* [Activity]:
Output the records exactly, and drop each picture.

* [Data to process]:
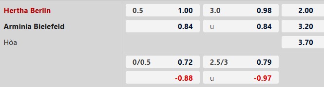 Hertha Berlin thắng theo châu Á: Hertha Berlin thắng 6, hòa 1 ở 8 trận gần nhất trên mọi đấu trường; thắng 5, hòa 1 ở 7 trận sân nhà vừa qua. Còn Arminia Bielefeld thua cả 4 trận gần đây, thua 5/7 chuyến làm khách gần nhất. Trận này nhiều khả năng sẽ khép lại với Hertha thắng theo châu Á.
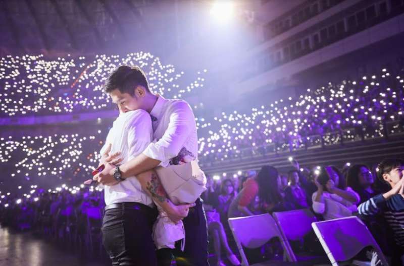 ▼說完後,他手持婚戒單膝下跪,旁邊的男友又驚又喜,觀眾們也紛紛開起手機燈,讓小巨蛋充滿點點星光,場面很溫馨。在這樣浪漫的氣氛下,男友感動點頭:「我願意。」兩人隨後緊緊擁抱,忍不住落淚。蔡健雅繼續唱《說到愛》,又邀全場合唱《Beautiful Love》,讓那對戀人覺得很幸福。
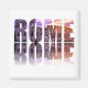 Texto de Roma compuesto por el Coliseo sobre fondo negro con reflexión de texto en agua.
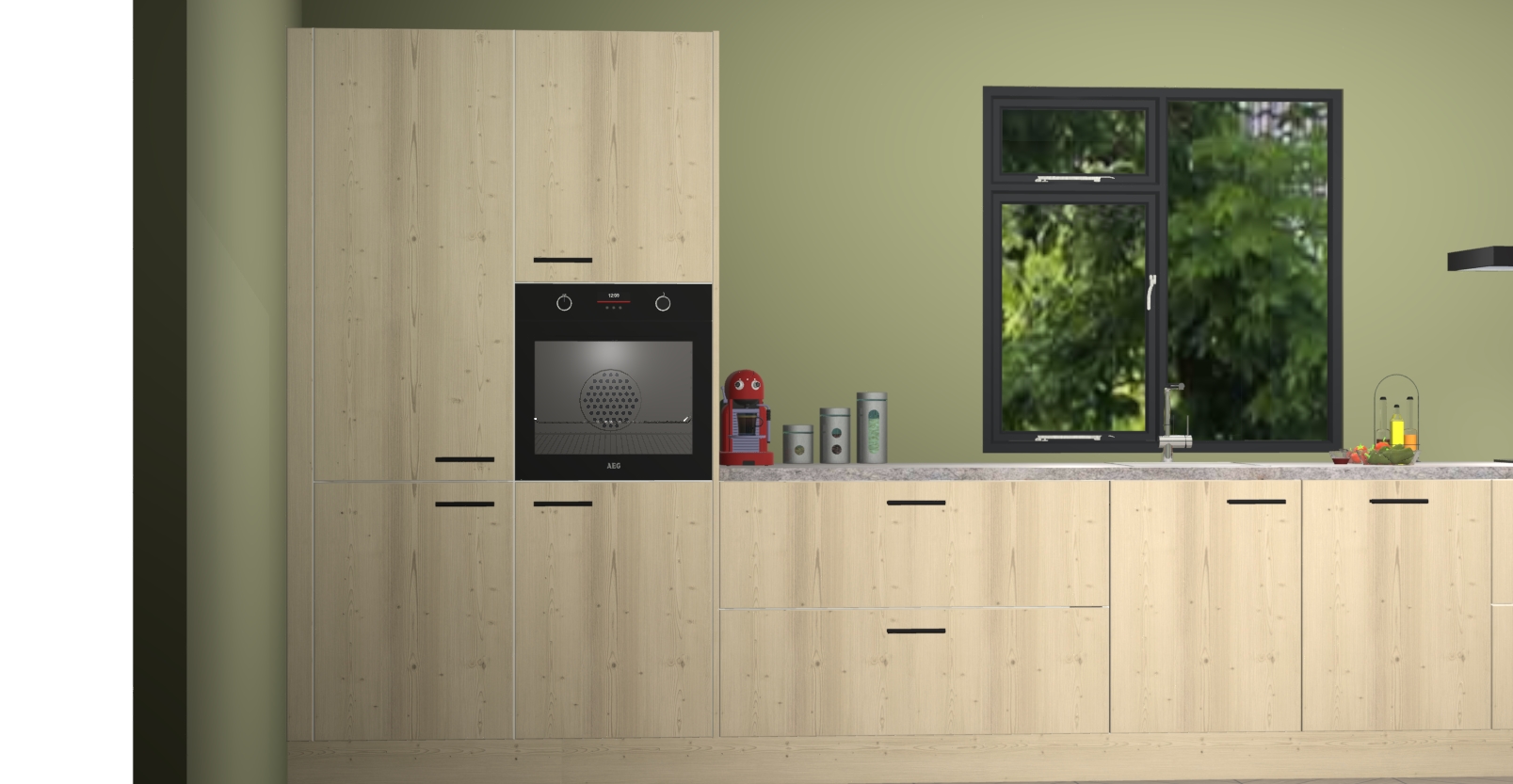 De Olm keuken Lille wordt geleverd met vijf inbouwapparaten - een oven, inductiekookplaat, afzuigkap, vaatwasser en koelkast. Maar dat is nog niet alles! Na bestelling kunnen deze apparaten eenvoudig worden geüpgraded naar premium AEG-apparatuur. Bovendien is er zelfs de optie om de oven te vervangen door een combimagnetron of uw inductiekookplaat te vervangen door een kookplaat met geïntegreerde afzuiging.
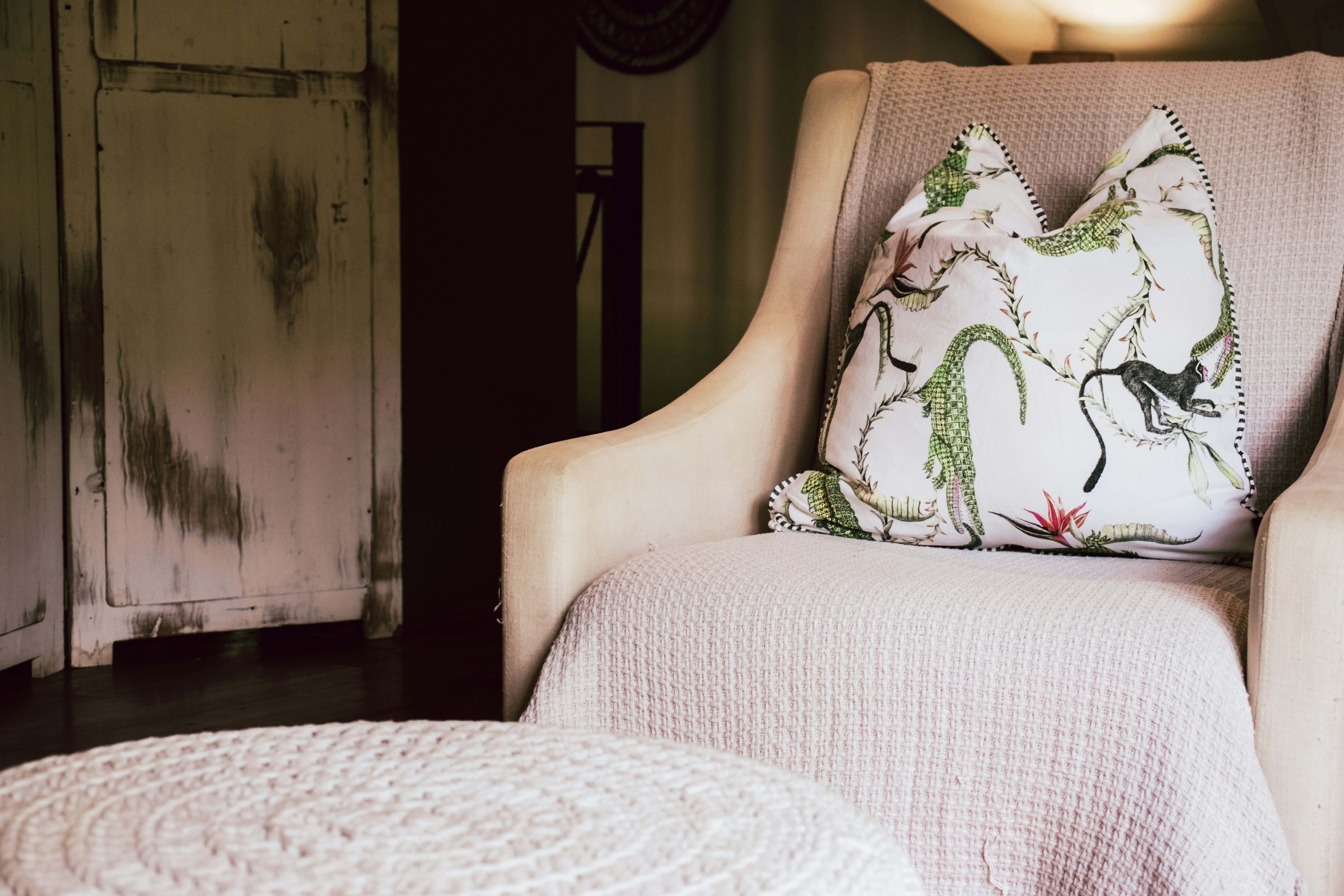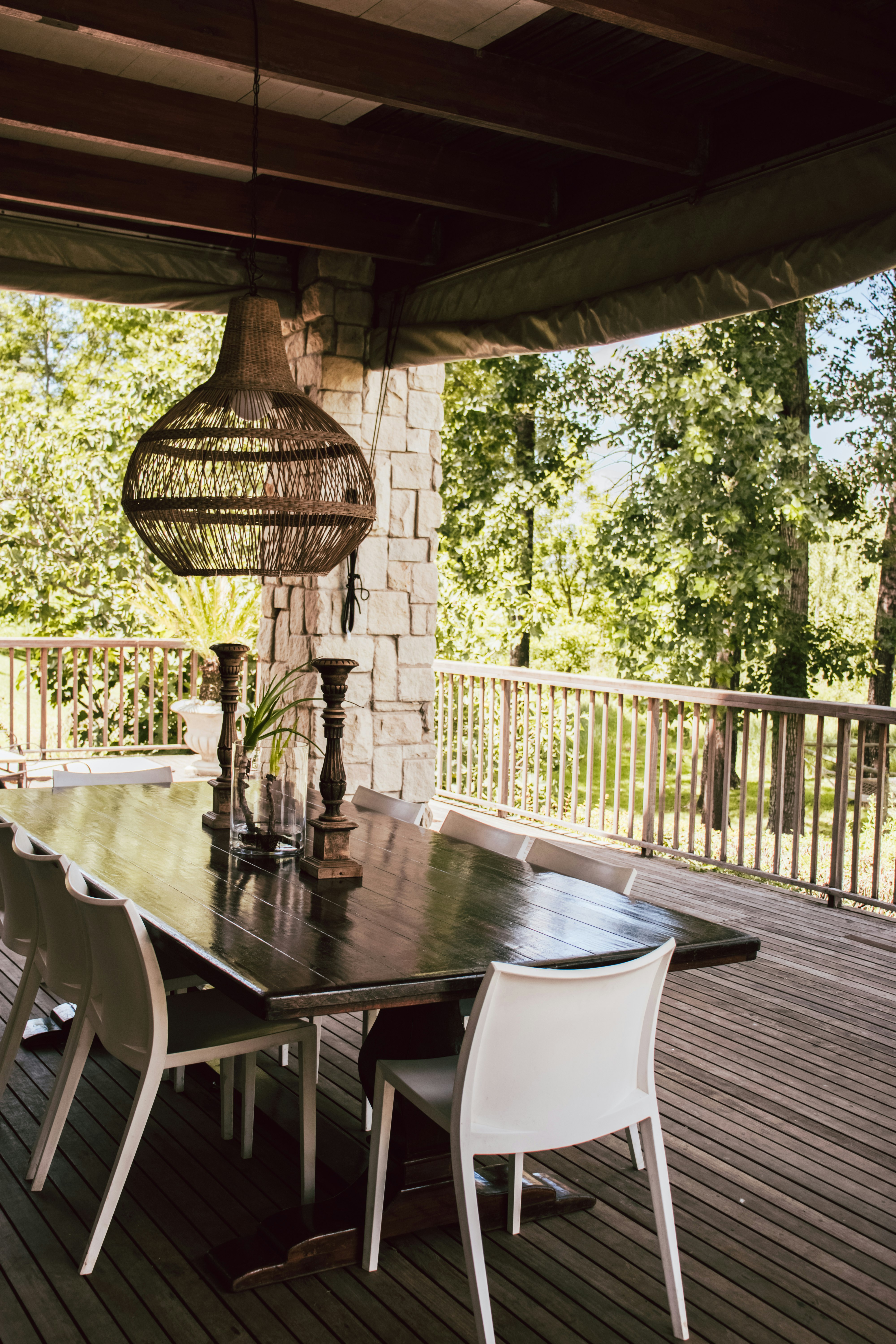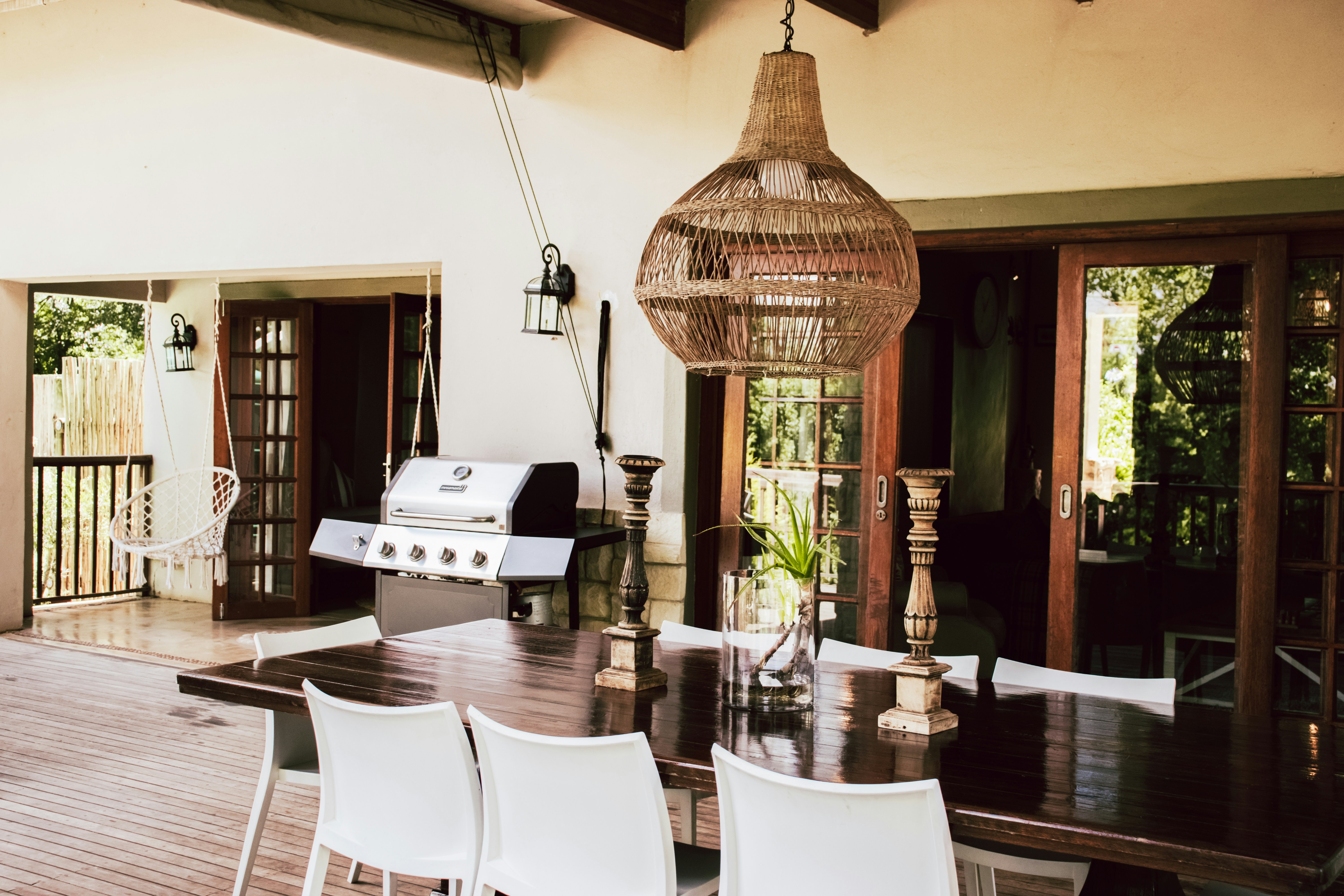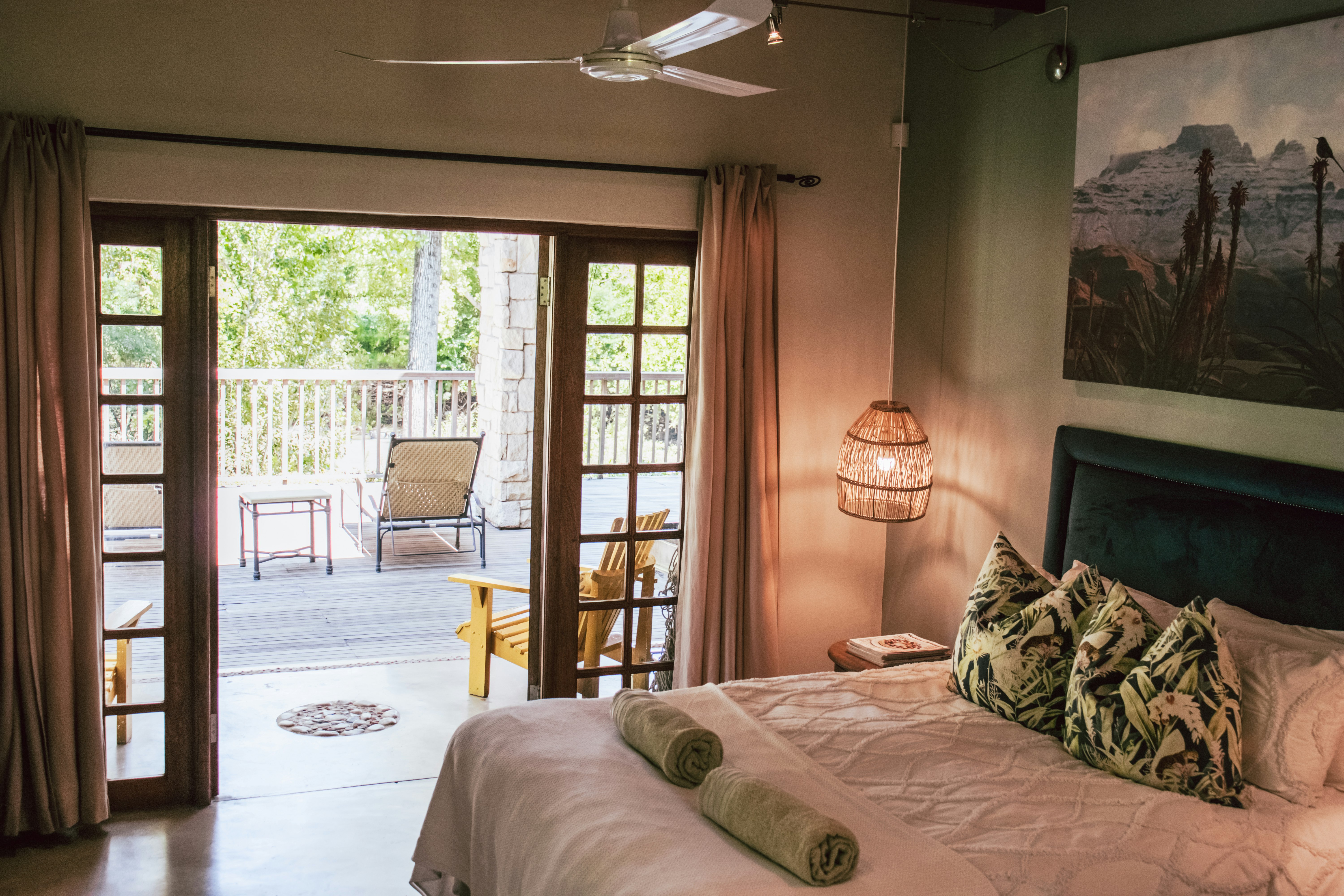 Die leefarea se dubbeldeure lei tot 'n beskutte area op die dek. Die groot houtdek het 'n uitsig oor die rivier na die Drakensberge en is die ideale plek vir kuier, braai of skemerkelkies.

* [Expected answer]:
 Hertha Berlin thắng theo châu Á: Hertha Berlin thắng 6, hòa 1 ở 8 trận gần nhất trên mọi đấu trường; thắng 5, hòa 1 ở 7 trận sân nhà vừa qua. Còn Arminia Bielefeld thua cả 4 trận gần đây, thua 5/7 chuyến làm khách gần nhất. Trận này nhiều khả năng sẽ khép lại với Hertha thắng theo châu Á.
 ▼說完後,他手持婚戒單膝下跪,旁邊的男友又驚又喜,觀眾們也紛紛開起手機燈,讓小巨蛋充滿點點星光,場面很溫馨。在這樣浪漫的氣氛下,男友感動點頭:「我願意。」兩人隨後緊緊擁抱,忍不住落淚。蔡健雅繼續唱《說到愛》,又邀全場合唱《Beautiful Love》,讓那對戀人覺得很幸福。
 Texto de Roma compuesto por el Coliseo sobre fondo negro con reflexión de texto en agua.
 De Olm keuken Lille wordt geleverd met vijf inbouwapparaten - een oven, inductiekookplaat, afzuigkap, vaatwasser en koelkast. Maar dat is nog niet alles! Na bestelling kunnen deze apparaten eenvoudig worden geüpgraded naar premium AEG-apparatuur. Bovendien is er zelfs de optie om de oven te vervangen door een combimagnetron of uw inductiekookplaat te vervangen door een kookplaat met geïntegreerde afzuiging.
 Die leefarea se dubbeldeure lei tot 'n beskutte area op die dek. Die groot houtdek het 'n uitsig oor die rivier na die Drakensberge en is die ideale plek vir kuier, braai of skemerkelkies.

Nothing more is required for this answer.